Antibodies and anti-cancer agents
A recent study explored the anti-tumor effect of immunotherapy agents currently being tested in clinical trials, including anti-PD1, anti-PD-L1 and anti-CTLA-4 antibodies, on a panel of syngeneic models to provide valuable information in selecting the appropriate models and doses for combination therapy. Programmed Cell Death 1 (PD-1), Programmed Death-Ligand 1 (PD-L1) and Cytotoxic T-Lymphocyte-Associated Protein 4 (CTLA-4) are all proteins shown to down regulate the response by the immune system. Research has suggested that up-regulation of PD-L1 by the tumor may allow them to evade the host immune system. Antibodies have been used as inhibitors to prevent this natural suppression, showing great potential for cancer treatment. With our growing understanding of the immune system and of drugs’ mechanism of action, it has become clear that many of the anticancer agents, including the most advanced targeted agents, can synergize with immunotherapy by damaging the integrity of tumor cell and rendering them more sensitive to the immune system attack. Researchers are now exploring the feasibility of combining traditional treatment with immunotherapy. To perform these studies, suitable models in which to evaluate the efficacy of combination therapies and design new therapeutic strategies are in great demand. Importantly, in the clinic it is still unknown why some patients respond to immunotherapies while others do not. Syngeneic models can be used to answer these questions.
Methods
The study extensively profiled syngeneic models in vivo using antibodies and inhibitors against immune suppressing proteins such as PD1, PD-L1, and CTLA-4. This has provided necessary information for selecting the appropriate models to conduct preclinical studies and importantly to establish the appropriate dosing regimen while developing new combination therapies. Moreover syngeneic models were genomically profiled in details to identify genetic events such as mutations, alternative gene splicing, and gene fusion in search for new targets for combination studies and immunotherapy.
Results
In some cancer models, such as colon, liver and pancreatic, the immunotherapy showed high levels of tumor growth inhibition (TGI) and increased numbers of cancer fighting immune cells. However, other types of tumor didn’t respond as well. The results suggested that the effectiveness of immunotherapy agents is highly dependent on the tumor cell type. This discrepancy of responses demonstrates the need for relevant immunocompetent pre-clinical models, to test new agents and dosing regimens before moving to more sophisticated and clinically relevant models. The mutational analysis performed on syngeneic models indicated that a number of them harbor mutations that may be used as targets for new therapeutic approaches.
Conclusion
Immunotherapy has shown promising anticancer results in the clinic. However, not all tumor types or all patients respond. In order to successfully identify the responder population and design the best clinical strategy for immunotherapy agents, appropriate preclinical models are needed with a functional immune system. The main advantage of syngeneic models is indeed represented by their fully efficient immune system, one of the tumor microenvironment components, which, similarly to what happens in patients, influences tumor responses to therapy.

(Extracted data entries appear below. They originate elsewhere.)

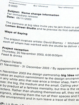Loman Street Studios invited three designers to contribute a type based project for their new building. Marriott's proposal was to take the existing house font (Unica, designed by Andre Gurtler in 1980) and substitute the o's for Gerald Holtom's peace symbol from 1958. This usually hand drawn or hippy symbol combined with the crisp modernism of Unica was a means of infecting the studios corporate communications with a viral message.
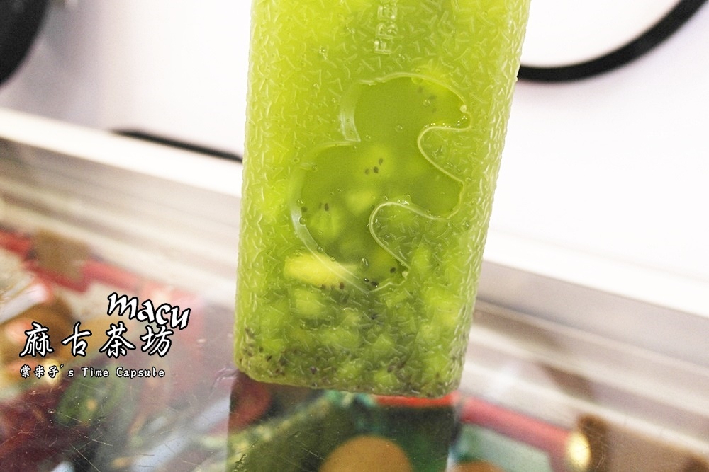 漂亮的青綠色茶飲裡是滿滿的奇異果果肉唷!
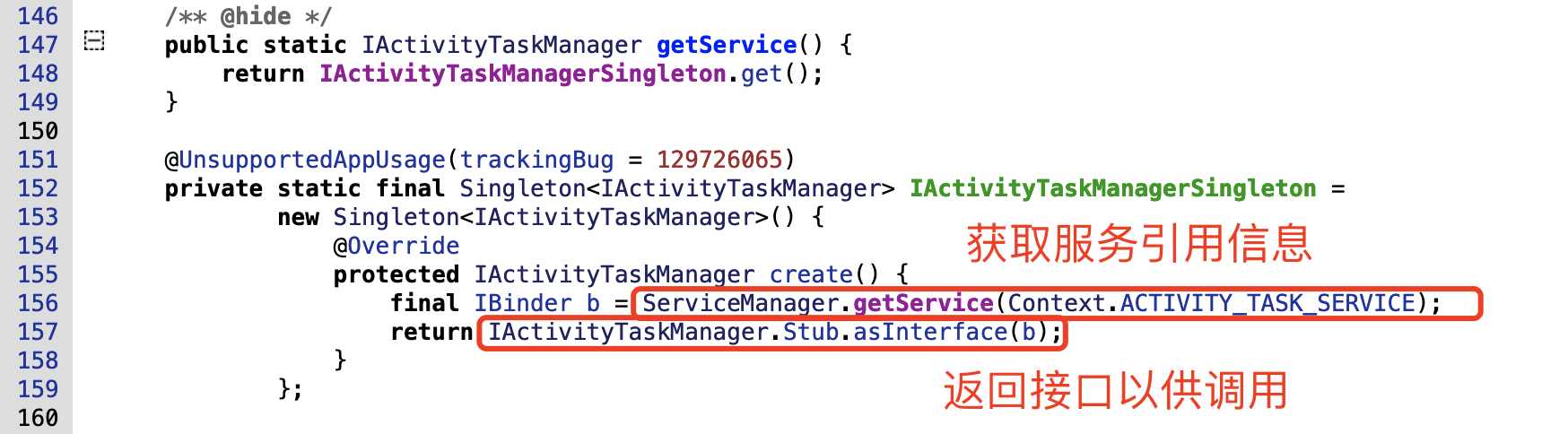 ActivityTaskManager.getService()能够获取到ActivityTaskManagerService的实例对象。
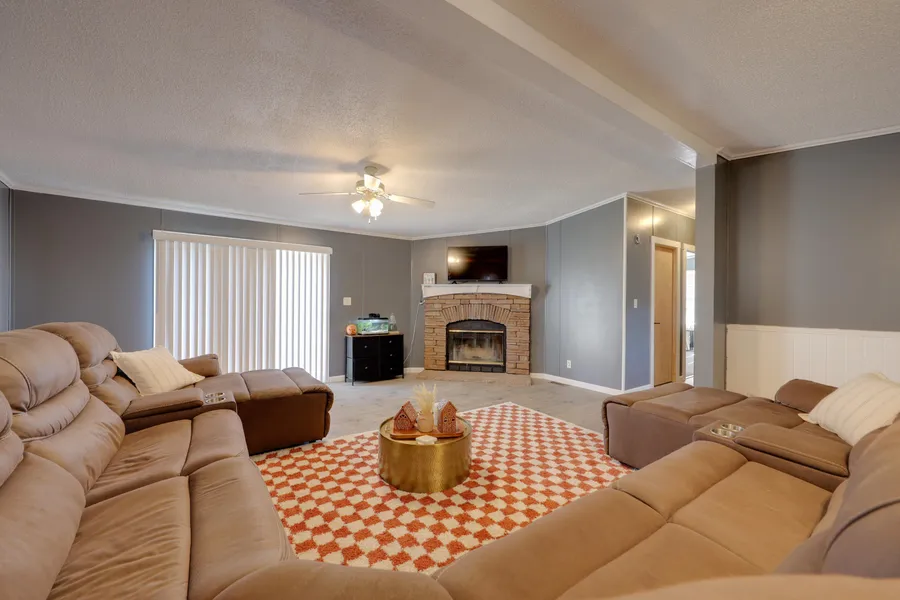 Modern Elegance Meets Acreage & Lake Access close by. Step into a world of space, style, and serenity. This beautifully reimagined residence combines a fresh, contemporary interior with the sprawling freedom of 1.5+ private acres. From the moment you step onto the massive, freshly stained front porch-complete with a cooling ceiling fan and designer lighting-you'll know you've found something special. Inside, the home breathes with an open-concept layout and an abundance of natural light. Every inch has been curated for modern living, featuring all-new flooring, a crisp neutral palette, and updated bathrooms. With four oversized bedrooms, there is ample room for family, guests, or a dedicated home office. Garage features a finished multipurpose room with 1/2 bath. owner/agent

However it should be kept in mind that in syngenic models the tumor cells are rodent, and therefore express the mouse/rat homologues of the desired human targets; moreover tumors tend to grow faster than in other systems. However, there is little doubt that the scientific information obtained by using these models is essential to evaluate which compond or combination strategy are worth moving forward to more complex studies and are the most likely to produce the best response.
In addition, predictive biomarkers obtained from the mutational analysis may be useful tools in understanding patient response in the clinic.